*Work instructions*.
An exact transcription of all the data is required, with every image removed.

*Available data*.
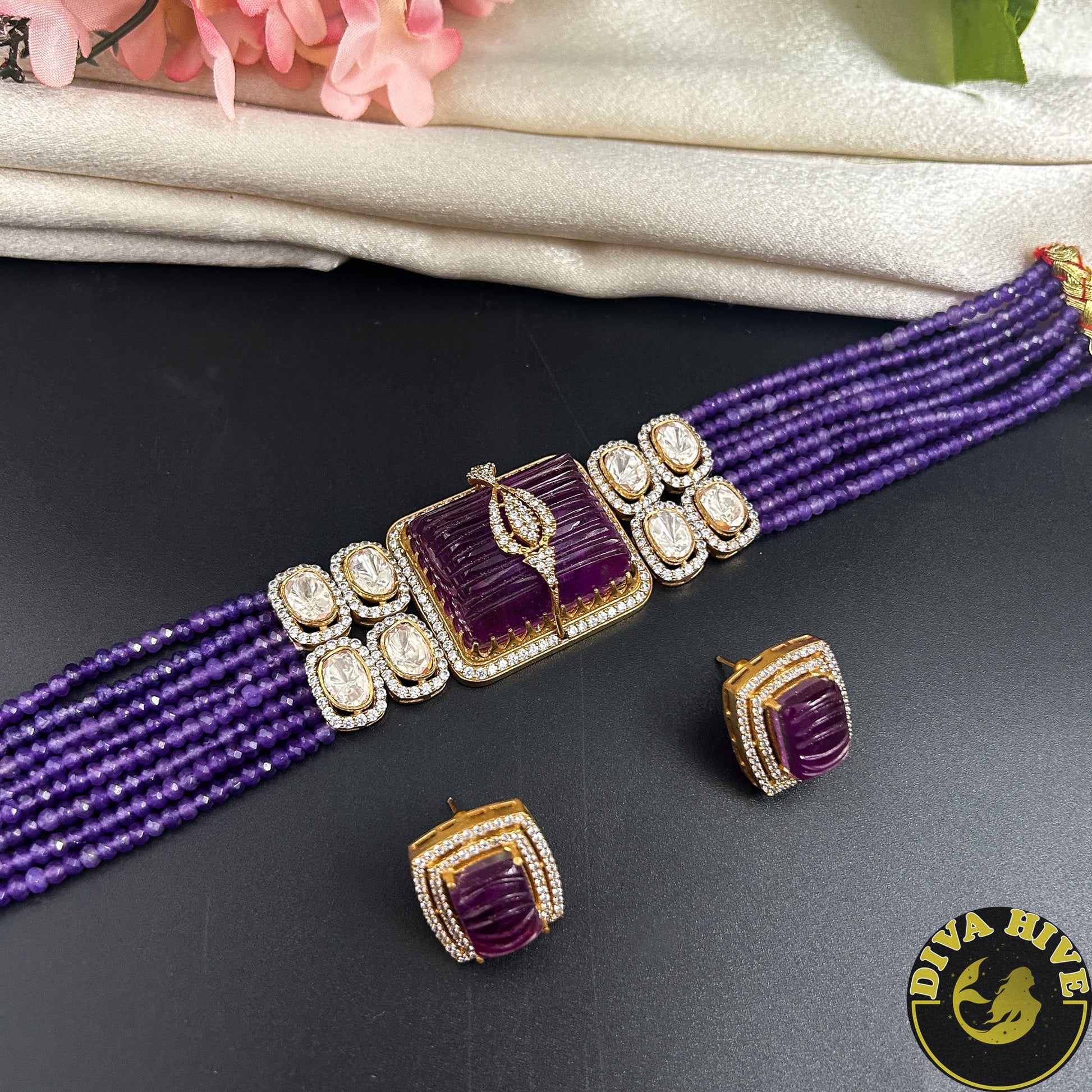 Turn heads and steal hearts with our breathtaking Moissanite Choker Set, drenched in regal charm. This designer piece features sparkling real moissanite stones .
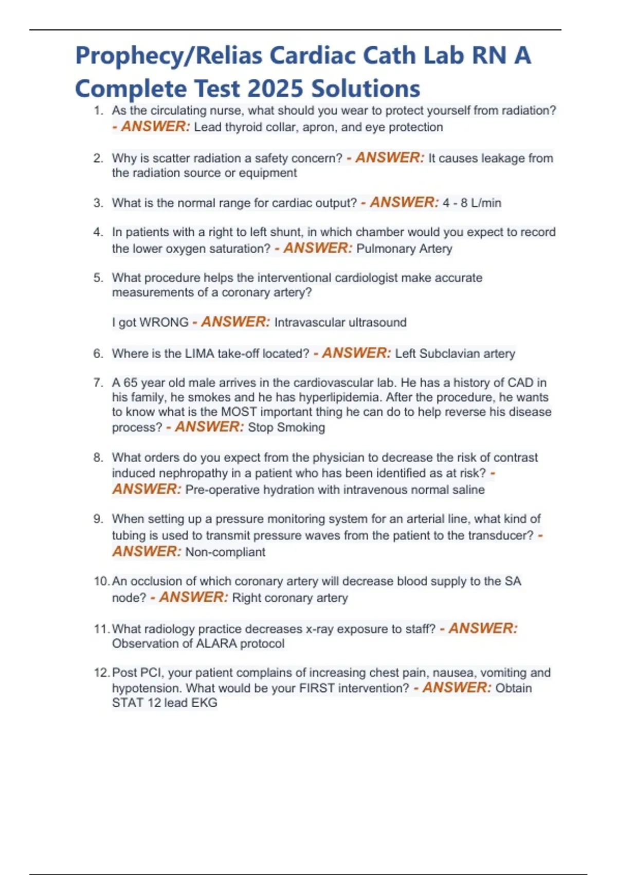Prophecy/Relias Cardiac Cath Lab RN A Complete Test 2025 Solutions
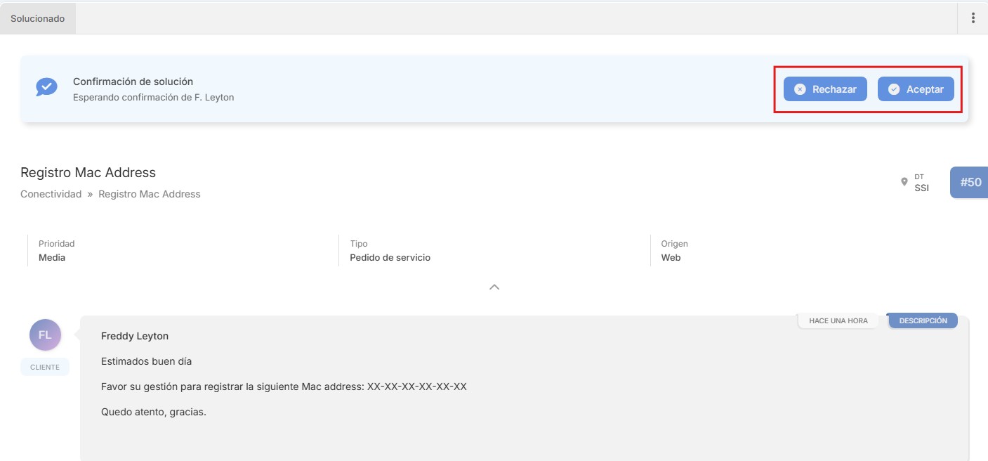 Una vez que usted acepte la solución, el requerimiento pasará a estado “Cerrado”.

*Answer for the task*.
 Turn heads and steal hearts with our breathtaking Moissanite Choker Set, drenched in regal charm. This designer piece features sparkling real moissanite stones .
Prophecy/Relias Cardiac Cath Lab RN A Complete Test 2025 Solutions
 Una vez que usted acepte la solución, el requerimiento pasará a estado “Cerrado”.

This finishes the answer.